Segment Open

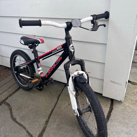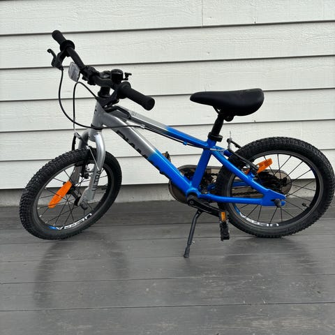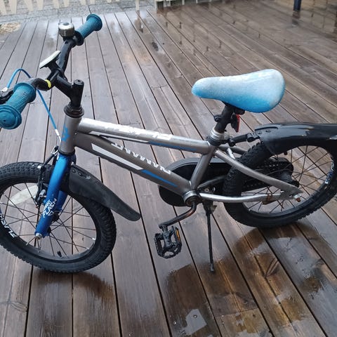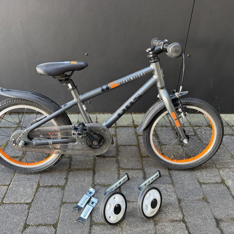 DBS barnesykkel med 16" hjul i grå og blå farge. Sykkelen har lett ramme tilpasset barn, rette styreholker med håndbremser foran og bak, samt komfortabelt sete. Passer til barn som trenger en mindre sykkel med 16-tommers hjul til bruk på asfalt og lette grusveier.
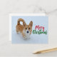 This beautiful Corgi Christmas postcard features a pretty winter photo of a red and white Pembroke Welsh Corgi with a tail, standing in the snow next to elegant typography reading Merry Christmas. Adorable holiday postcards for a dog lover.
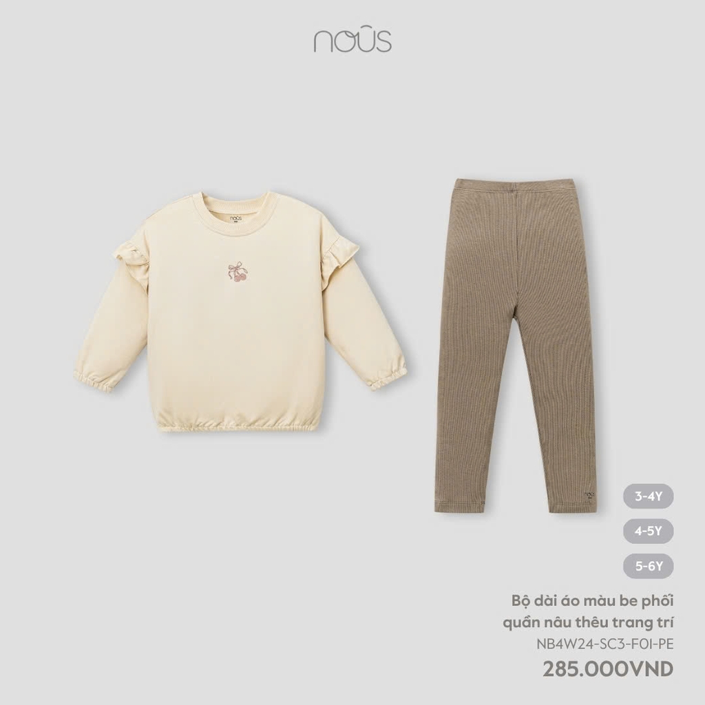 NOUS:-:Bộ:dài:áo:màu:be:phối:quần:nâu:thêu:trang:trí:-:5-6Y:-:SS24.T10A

Segment Closed
Segment Open

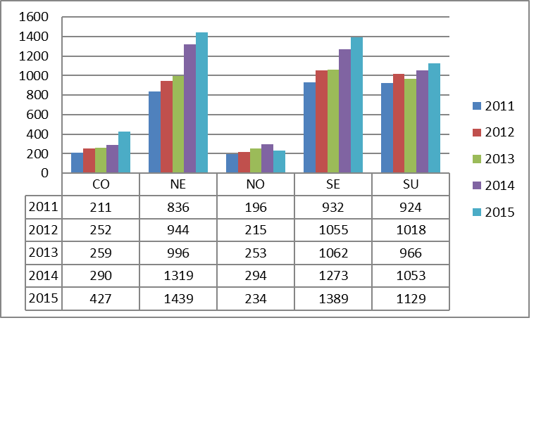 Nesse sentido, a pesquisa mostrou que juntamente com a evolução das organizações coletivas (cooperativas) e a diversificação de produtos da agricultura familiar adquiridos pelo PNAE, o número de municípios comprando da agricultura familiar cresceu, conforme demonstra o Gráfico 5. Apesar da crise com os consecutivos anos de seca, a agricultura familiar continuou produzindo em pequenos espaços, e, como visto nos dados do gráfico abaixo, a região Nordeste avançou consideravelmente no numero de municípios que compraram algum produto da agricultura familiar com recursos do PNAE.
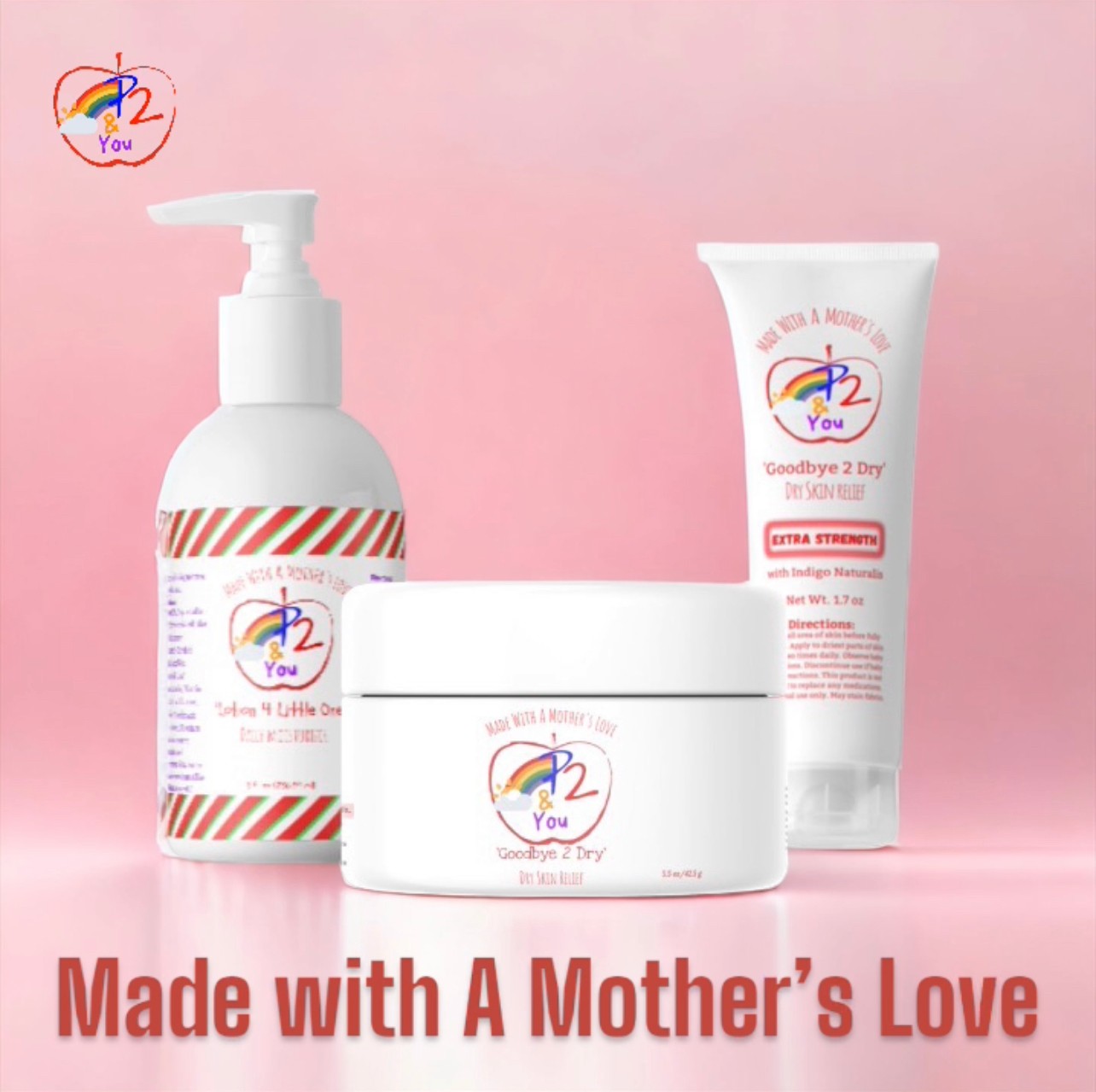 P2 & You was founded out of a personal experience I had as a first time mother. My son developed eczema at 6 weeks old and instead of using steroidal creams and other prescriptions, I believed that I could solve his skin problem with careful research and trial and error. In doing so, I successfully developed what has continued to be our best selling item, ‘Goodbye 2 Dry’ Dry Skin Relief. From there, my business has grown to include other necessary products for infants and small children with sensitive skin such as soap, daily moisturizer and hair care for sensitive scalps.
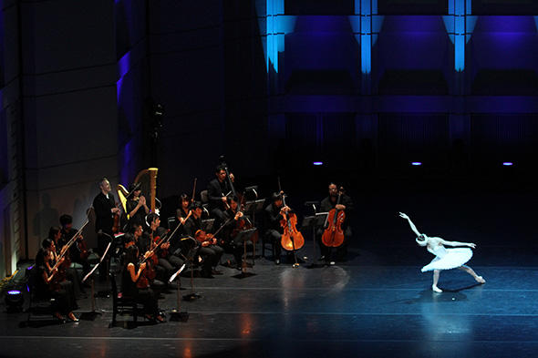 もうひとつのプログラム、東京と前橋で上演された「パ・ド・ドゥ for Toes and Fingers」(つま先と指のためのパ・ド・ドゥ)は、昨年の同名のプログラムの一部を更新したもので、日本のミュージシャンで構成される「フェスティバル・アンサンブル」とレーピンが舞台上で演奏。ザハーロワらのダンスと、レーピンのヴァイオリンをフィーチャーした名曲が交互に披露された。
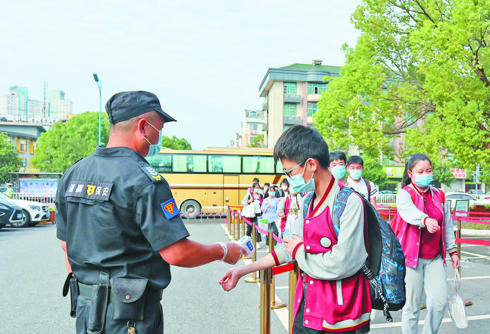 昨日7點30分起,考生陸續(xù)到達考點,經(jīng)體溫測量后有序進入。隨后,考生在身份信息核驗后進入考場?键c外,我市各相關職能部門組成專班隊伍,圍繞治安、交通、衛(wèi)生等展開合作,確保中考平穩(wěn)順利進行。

Segment Closed
Segment Open

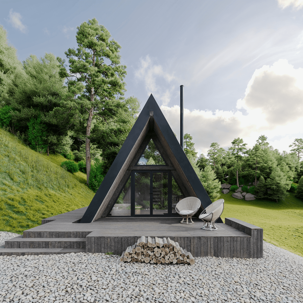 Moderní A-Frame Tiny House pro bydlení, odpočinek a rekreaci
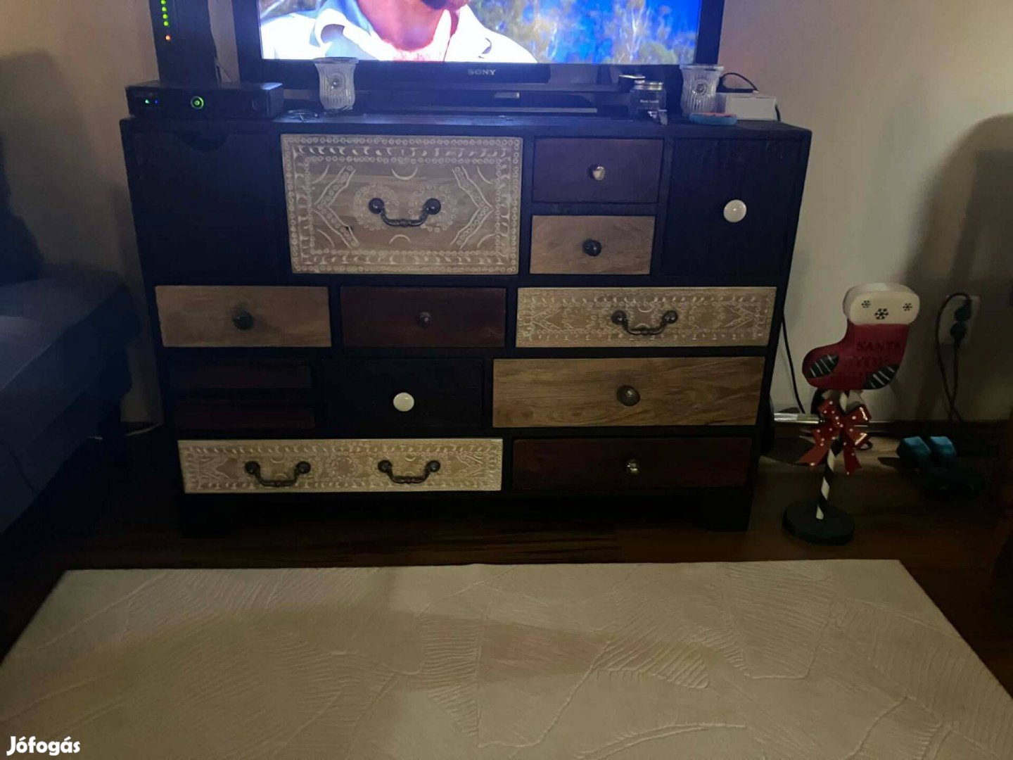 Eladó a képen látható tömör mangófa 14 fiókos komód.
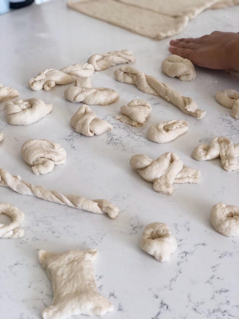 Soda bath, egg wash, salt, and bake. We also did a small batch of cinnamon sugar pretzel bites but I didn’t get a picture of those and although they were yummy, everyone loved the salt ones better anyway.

Segment Closed

_Problem requirements_:
Going back to the data above, write out everything from the line with "もうひとつのプログラム、東京と前橋で上演された「パ・ド・ドゥ for Toes" down to the line with "昨日7點30分起,考生陸續(xù)到達考", both included, leaving every picture out.

_Your response_:
 もうひとつのプログラム、東京と前橋で上演された「パ・ド・ドゥ for Toes and Fingers」(つま先と指のためのパ・ド・ドゥ)は、昨年の同名のプログラムの一部を更新したもので、日本のミュージシャンで構成される「フェスティバル・アンサンブル」とレーピンが舞台上で演奏。ザハーロワらのダンスと、レーピンのヴァイオリンをフィーチャーした名曲が交互に披露された。
 昨日7點30分起,考生陸續(xù)到達考點,經(jīng)體溫測量后有序進入。隨后,考生在身份信息核驗后進入考場?键c外,我市各相關職能部門組成專班隊伍,圍繞治安、交通、衛(wèi)生等展開合作,確保中考平穩(wěn)順利進行。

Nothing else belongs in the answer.